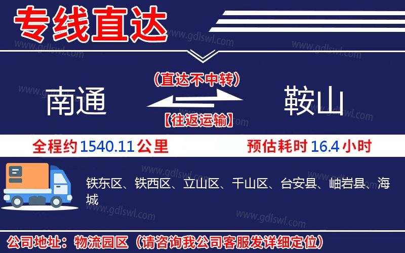 南通到鞍山物流專線是一條連接南通和鞍山的貨物運輸線路,由陸順物流公司提供直達不中轉(zhuǎn)運輸服務(wù),能為企業(yè)、工廠、貿(mào)易商以及個人提供高效、便捷、可靠的貨運解決方案
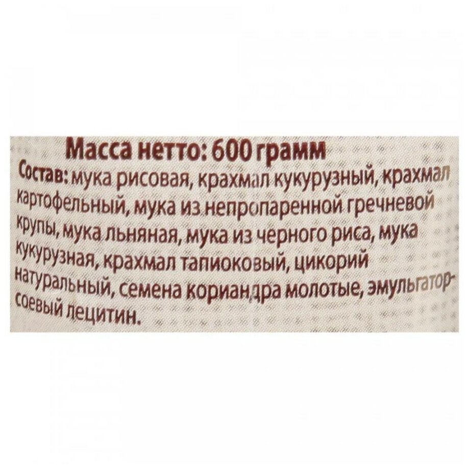 | Состав | мука рисовая, крахмал кукурузный, крахмал картофельный, мука гречневая из непропаренной гречневой крупы, мука льняная, мука из чёрного риса, мука кукурузная, крахмал тапиоковый, цикорий натуральный, семена кориандра молотого, эмульгатор лицитин |
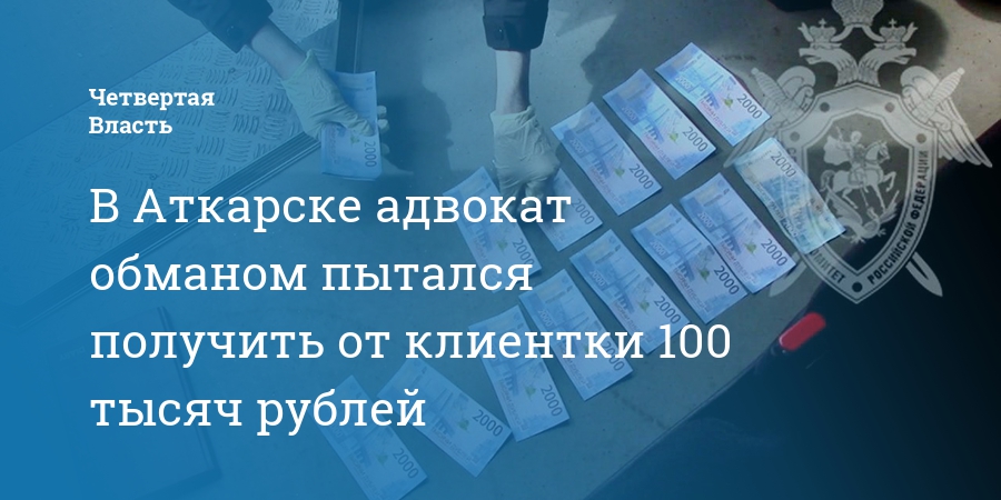 В Аткарске адвокат обманом пытался получить от клиентки 100 тысяч рублей
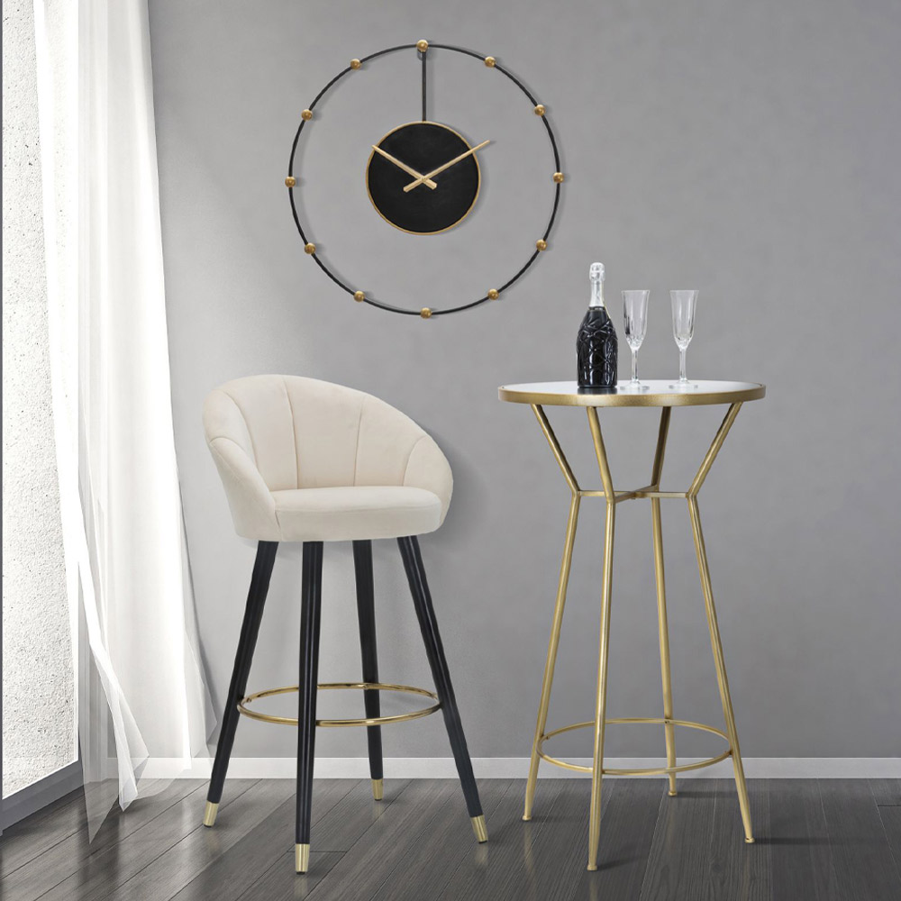 gulddetaljer i jern og polstret sæde beklædt med stof. Dens design fuldendes og gøres endnu mere funktionelt af det
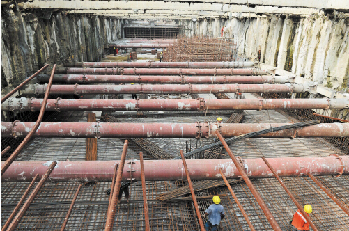 7月15日,工人们正在长沙地铁1号线湘雅路站站台施工。据了解,该站台主体即将封顶。

Exercise prompt> The records above must be returned exactly, with each picture omitted.

Task response>
 南通到鞍山物流專線是一條連接南通和鞍山的貨物運輸線路,由陸順物流公司提供直達不中轉(zhuǎn)運輸服務(wù),能為企業(yè)、工廠、貿(mào)易商以及個人提供高效、便捷、可靠的貨運解決方案
 | Состав | мука рисовая, крахмал кукурузный, крахмал картофельный, мука гречневая из непропаренной гречневой крупы, мука льняная, мука из чёрного риса, мука кукурузная, крахмал тапиоковый, цикорий натуральный, семена кориандра молотого, эмульгатор лицитин |
 В Аткарске адвокат обманом пытался получить от клиентки 100 тысяч рублей
 gulddetaljer i jern og polstret sæde beklædt med stof. Dens design fuldendes og gøres endnu mere funktionelt af det
 7月15日,工人们正在长沙地铁1号线湘雅路站站台施工。据了解,该站台主体即将封顶。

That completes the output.